SIGMOD Record now accepts nominations for papers on data management that you think deserve to be placed in the spotlight. We should nominate theory papers from ICDT as well as from PODS! I just submitted the following nomination:
"Distributed Streaming with Finite Memory" by Frank Neven, Nicole Schweikardt, Frédéric Servais, and Tony Tan
Presented at ICDT 2015.
This paper proposes a tractable formal computational model for MapReduce computations. The focus is on computations where the worker nodes use bounded memory. This models the common situation where the data local to each node is processed in a streaming fashion. Formal computational models are useful because they allow to rigorously prove impossibility results. For example, it is well known how to compute a join in MapReduce. The algorithm distributes tuples on their join attribute in the Map phase; then all the Reduce phase has to do is to essentially output Cartesian products. Obviously, this Cartesian product phase can become a quadratic bottleneck if the data is skewed. The model in the paper allows us to prove formally that this quadratic bottleneck is unavoidable.

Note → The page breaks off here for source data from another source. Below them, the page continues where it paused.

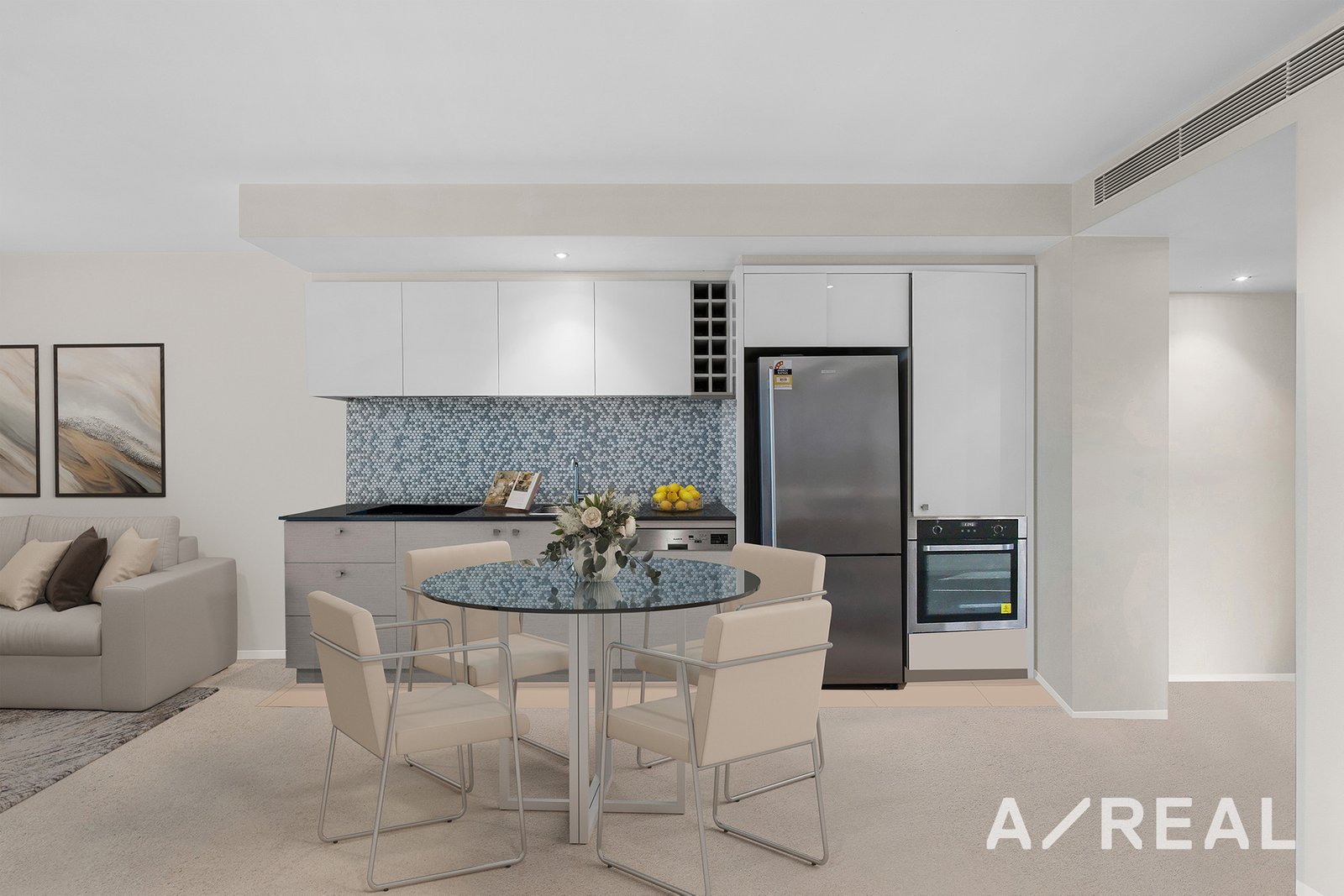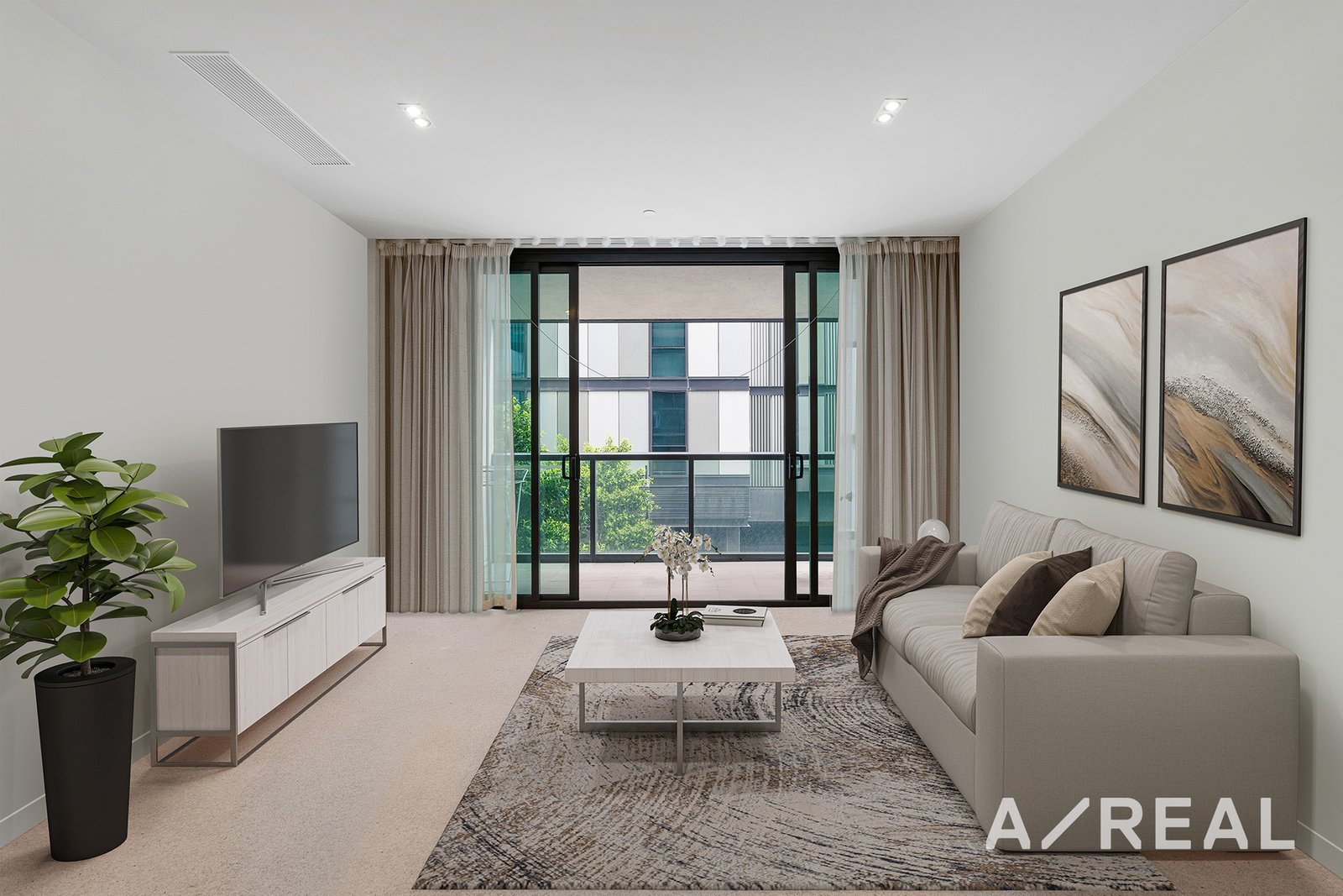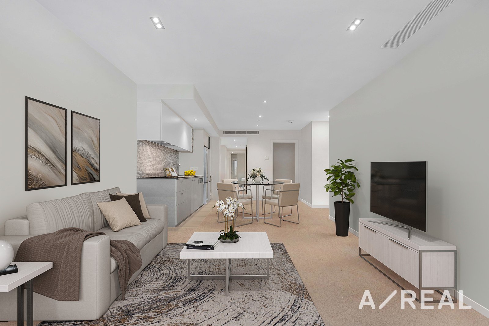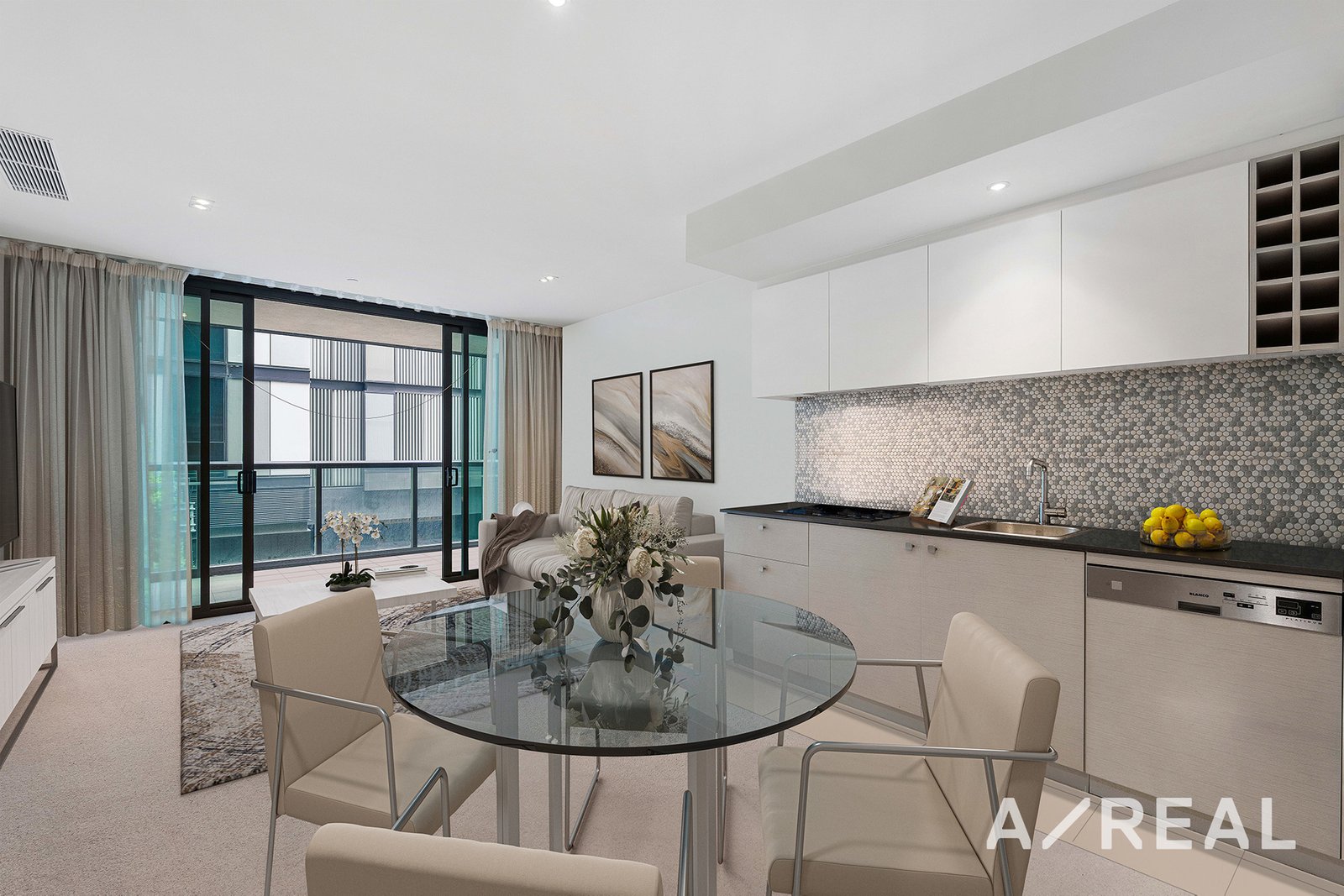 The spacious design showcases a light-filled living area that opens to a private balcony, perfect for your morning coffee or evening sunsets. Preparing meals will be a breeze in the sleek and modern kitchen with an integrated dishwasher and stone countertops.
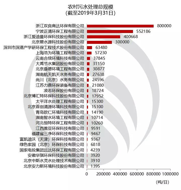 備注:該排名為企業(yè)中標(biāo)簽約的農(nóng)村污水處理項(xiàng)目設(shè)計(jì)能力加總,包含企業(yè)參與的投資建設(shè)運(yùn)營、委托維護(hù)、工程施工、設(shè)備供應(yīng)等環(huán)節(jié)的所有項(xiàng)目,并剔除重復(fù)計(jì)算等因素。
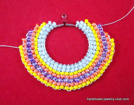 Repetir los pasos anteriores para crear otra capa de granos de la semilla. Para la capa 4, insertar el hilo de nuevo a través de los granos de la semilla y fuera el grano amarillo 2 y desde aquí repetir paso 4 para crear otra ronda de granos de la semilla. Puede crear tantas capas de granos de la semilla que te gusta en diferentes colores.
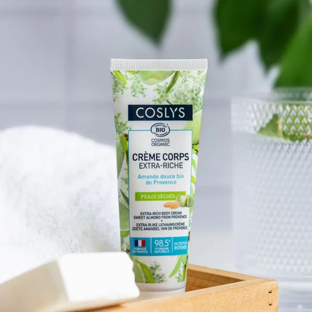 • Crème corps onctueuse riche, Coslys, 75 ml – 6,50 €.
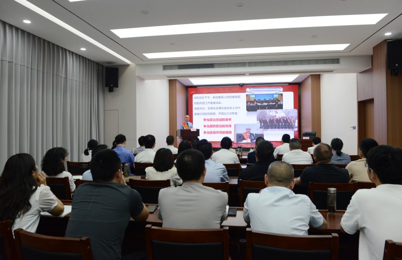 为深入学习贯彻习近平总书记在全国劳动模范和先进工作者表彰大会上的重要讲话精神,落实188体育 《关于开展向谭玉文同志学习活动的决定》,充分发挥先进典型示范引领作用,5月21日,我院特邀“全国先进工作者”谭玉文同志来我院作先进事迹报告。院领导、检委会专职委员和全体干警参加会议。
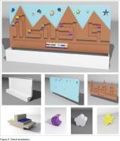 El producto panel montañero (figura 5) está formado por tres grandes partes unidas mediante encaje. La primera, sobre la que reposa el resto se trata de una caja base de color blanco. Está provista de un espacio entre la parte posterior y la parte delantera por el que caerán las piezas que se introducirán en la parte superior del panel.
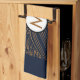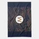 Japanese Waves Pattern in Dark Blue and Gold, oriental Japanese style accent tea towel kitchen towel. Personalize it with recipient's initial to make it a super special gift for yourself or your loved one.

The paper contains many more insights. What if we just want to compute a semijoin? Then the output is linear. Suppose we semijoin R to S on a common attribute A. The reducer assigned to a particular A-value x can detect in a streaming fashion that the semijoin is nonempty; it simply checks that it has received both R- and S-tuples. However, once it has detected that, it is too late to produce the output consisting of all the R-tuples; it could not remember all of them because the memory is bounded. If the reducer gets a second pass over the data, it can now stream again over the R-tuples and output them. The necessity of a second pass is again something that can be rigorously proved.
Other results of the paper include a formal proof that allowing more rounds allows more and more queries to be computed. This paper is theoretical computer science at its best; it models a practical paradigm of computing and attempts to explain and gain understanding about what is possible and what is not when using this paradigm.